While drones address offshore and storm-core measurement gaps, NOAA scientists have also advanced rip-current prediction closer to shore. Senior Scientist Greg Dusek began studying rip-current risk about a decade ago with two major hurdles: collecting reliable data in surf zones, where waves break and sand shifts constantly, and using high-resolution nearshore models that could turn measurements into forecasts.
Dusek found a practical data source in local lifeguard records. The Kill Devil Hills Lifesaving Station in North Carolina had long kept detailed accounts of rescues and hazardous rip-current conditions. Those observations provided a valuable baseline for when rip currents become dangerous to swimmers.
Combining lifeguard data with ocean observations, Dusek’s team developed an initial rip-current model in 2013. At the time, running that model in real time wasn’t possible because operational nearshore forecasting systems were still under development. As the National Weather Service completed the Nearshore Wave Prediction System—a suite of high-resolution wave and water-level models covering U.S. coasts—the pieces came together.

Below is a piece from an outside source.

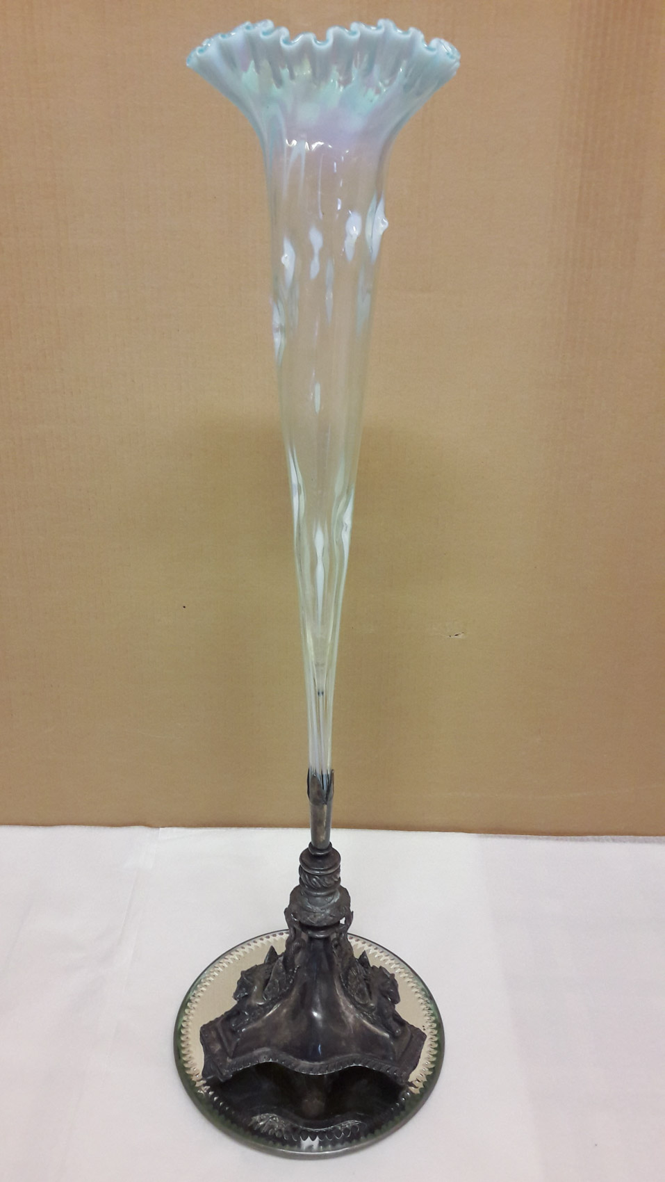 Korkea yhden ruusun maljakko, mahdollisesti Murano, 1900 luvun alkupuoli, metallinen upea jalka

Tying the rip-current model to the Nearshore Wave Prediction System allowed NOAA to validate forecasts in locations such as Miami and San Diego and to partner with other lifeguard agencies to refine performance. In February NOAA moved the model into operational use, giving forecasters a way to predict the likelihood of hazardous rip currents on a 1 to 100 percent scale—similar to probability-of-precipitation forecasts used in routine weather apps.
Boaters and beachgoers will begin to see rip-current risk appear in weather products and local forecasts as NOAA distributes the data. The agency is also exploring enhancements such as incorporating webcam feeds from waterfront hotels and surf shacks and applying artificial intelligence to video imagery to identify rip-current signatures in real time. Those advances could further improve short-term warnings and beach safety messaging over the coming years.
Together, improved storm-sampling drones and operational rip-current forecasts represent meaningful steps forward in coastal safety and marine forecasting. For boaters, coastal communities, and emergency managers, these tools promise clearer, more actionable information—helping people make better decisions and reducing risk when hazardous weather and ocean conditions approach.